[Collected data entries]

========================================

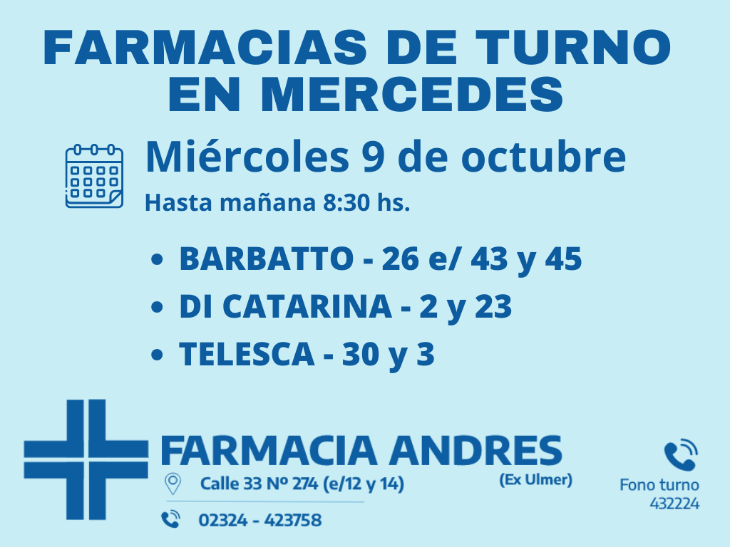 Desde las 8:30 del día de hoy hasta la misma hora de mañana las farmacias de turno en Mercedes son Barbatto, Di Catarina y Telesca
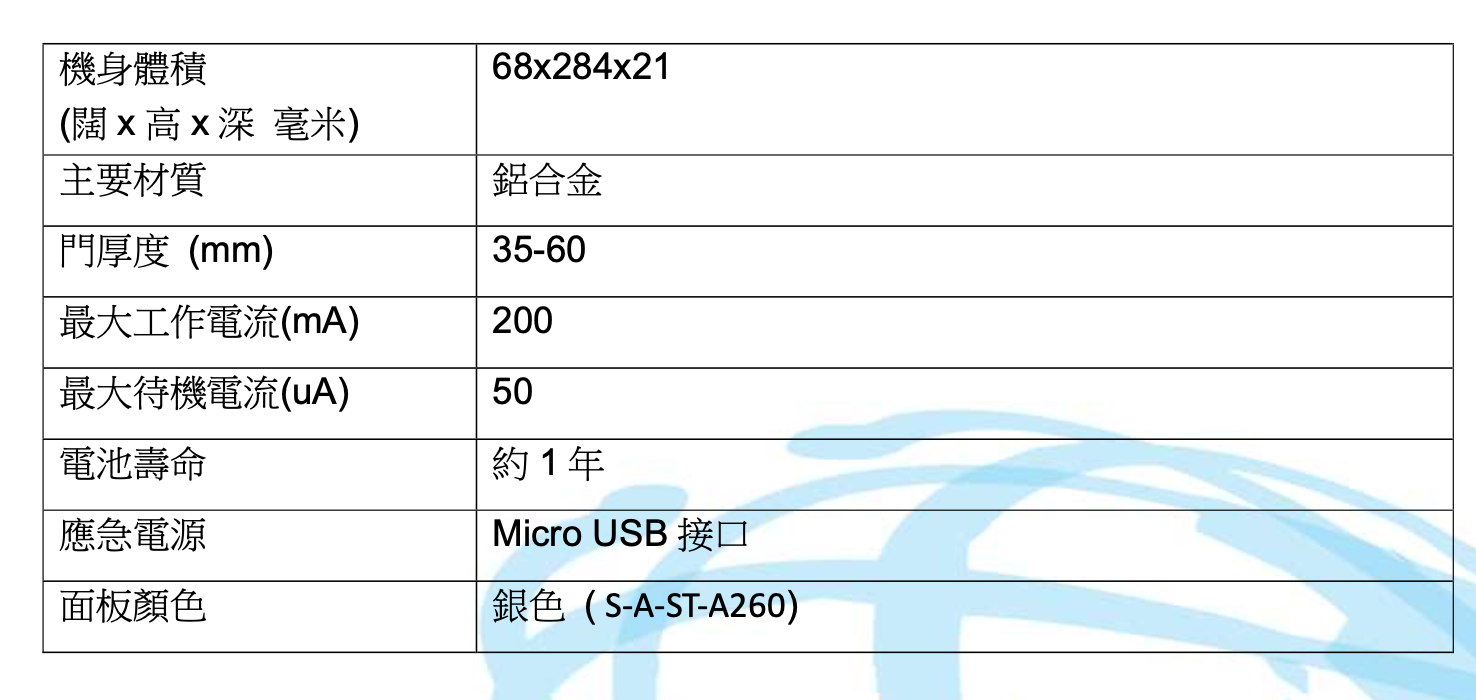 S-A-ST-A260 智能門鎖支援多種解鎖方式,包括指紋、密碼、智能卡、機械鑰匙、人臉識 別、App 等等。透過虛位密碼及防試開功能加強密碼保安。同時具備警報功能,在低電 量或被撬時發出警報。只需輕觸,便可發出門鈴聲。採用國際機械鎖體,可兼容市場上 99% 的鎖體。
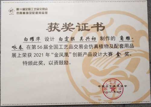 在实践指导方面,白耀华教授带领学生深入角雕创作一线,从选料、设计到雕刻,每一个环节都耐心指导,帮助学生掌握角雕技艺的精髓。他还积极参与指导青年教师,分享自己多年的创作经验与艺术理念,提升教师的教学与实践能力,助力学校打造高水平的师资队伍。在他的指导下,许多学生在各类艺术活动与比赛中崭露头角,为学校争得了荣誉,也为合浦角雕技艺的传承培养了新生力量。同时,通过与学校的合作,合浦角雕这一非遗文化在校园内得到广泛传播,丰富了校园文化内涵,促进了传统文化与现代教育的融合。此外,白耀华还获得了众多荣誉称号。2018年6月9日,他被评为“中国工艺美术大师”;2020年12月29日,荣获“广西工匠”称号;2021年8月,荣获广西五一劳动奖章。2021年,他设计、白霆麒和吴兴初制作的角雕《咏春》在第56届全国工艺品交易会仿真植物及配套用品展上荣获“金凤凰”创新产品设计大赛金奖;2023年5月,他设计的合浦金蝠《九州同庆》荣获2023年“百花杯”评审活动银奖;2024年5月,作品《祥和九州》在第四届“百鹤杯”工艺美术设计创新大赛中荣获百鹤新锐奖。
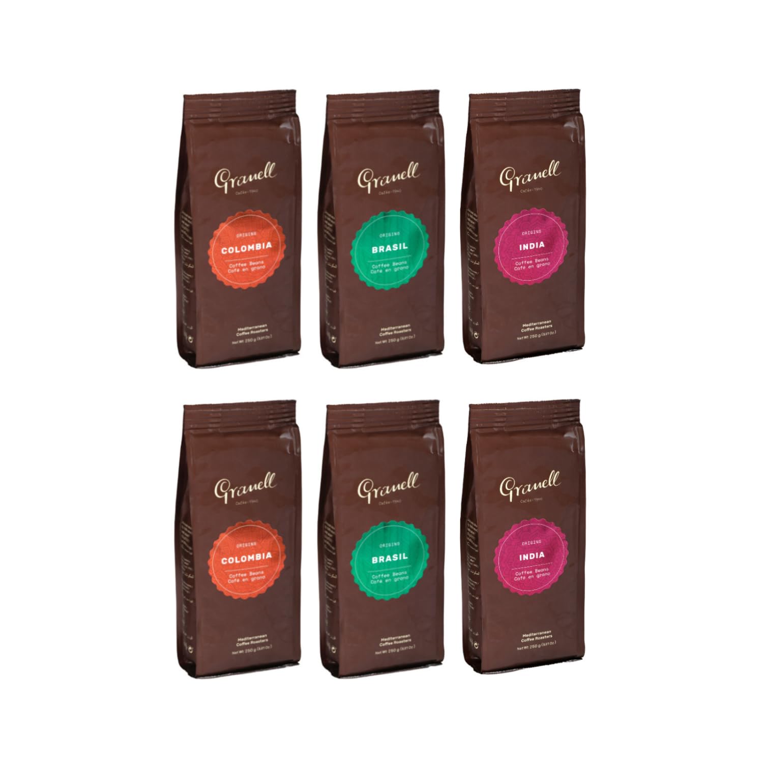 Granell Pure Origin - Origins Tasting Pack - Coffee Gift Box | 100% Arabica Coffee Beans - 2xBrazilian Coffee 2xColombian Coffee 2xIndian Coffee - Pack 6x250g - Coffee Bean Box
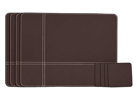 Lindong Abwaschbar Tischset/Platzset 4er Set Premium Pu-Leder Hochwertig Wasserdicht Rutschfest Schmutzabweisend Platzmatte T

========================================

### Your instructions
Say again, word for word, every line from the one with "S-A-ST-A260 智能門鎖支援多種解鎖方式,包括指紋、密碼、智能卡、機械鑰匙、人臉識 別、App" through the last line of the data above, minus the pictures.

### Answer box
 S-A-ST-A260 智能門鎖支援多種解鎖方式,包括指紋、密碼、智能卡、機械鑰匙、人臉識 別、App 等等。透過虛位密碼及防試開功能加強密碼保安。同時具備警報功能,在低電 量或被撬時發出警報。只需輕觸,便可發出門鈴聲。採用國際機械鎖體,可兼容市場上 99% 的鎖體。
 在实践指导方面,白耀华教授带领学生深入角雕创作一线,从选料、设计到雕刻,每一个环节都耐心指导,帮助学生掌握角雕技艺的精髓。他还积极参与指导青年教师,分享自己多年的创作经验与艺术理念,提升教师的教学与实践能力,助力学校打造高水平的师资队伍。在他的指导下,许多学生在各类艺术活动与比赛中崭露头角,为学校争得了荣誉,也为合浦角雕技艺的传承培养了新生力量。同时,通过与学校的合作,合浦角雕这一非遗文化在校园内得到广泛传播,丰富了校园文化内涵,促进了传统文化与现代教育的融合。此外,白耀华还获得了众多荣誉称号。2018年6月9日,他被评为“中国工艺美术大师”;2020年12月29日,荣获“广西工匠”称号;2021年8月,荣获广西五一劳动奖章。2021年,他设计、白霆麒和吴兴初制作的角雕《咏春》在第56届全国工艺品交易会仿真植物及配套用品展上荣获“金凤凰”创新产品设计大赛金奖;2023年5月,他设计的合浦金蝠《九州同庆》荣获2023年“百花杯”评审活动银奖;2024年5月,作品《祥和九州》在第四届“百鹤杯”工艺美术设计创新大赛中荣获百鹤新锐奖。
 Granell Pure Origin - Origins Tasting Pack - Coffee Gift Box | 100% Arabica Coffee Beans - 2xBrazilian Coffee 2xColombian Coffee 2xIndian Coffee - Pack 6x250g - Coffee Bean Box
 Lindong Abwaschbar Tischset/Platzset 4er Set Premium Pu-Leder Hochwertig Wasserdicht Rutschfest Schmutzabweisend Platzmatte T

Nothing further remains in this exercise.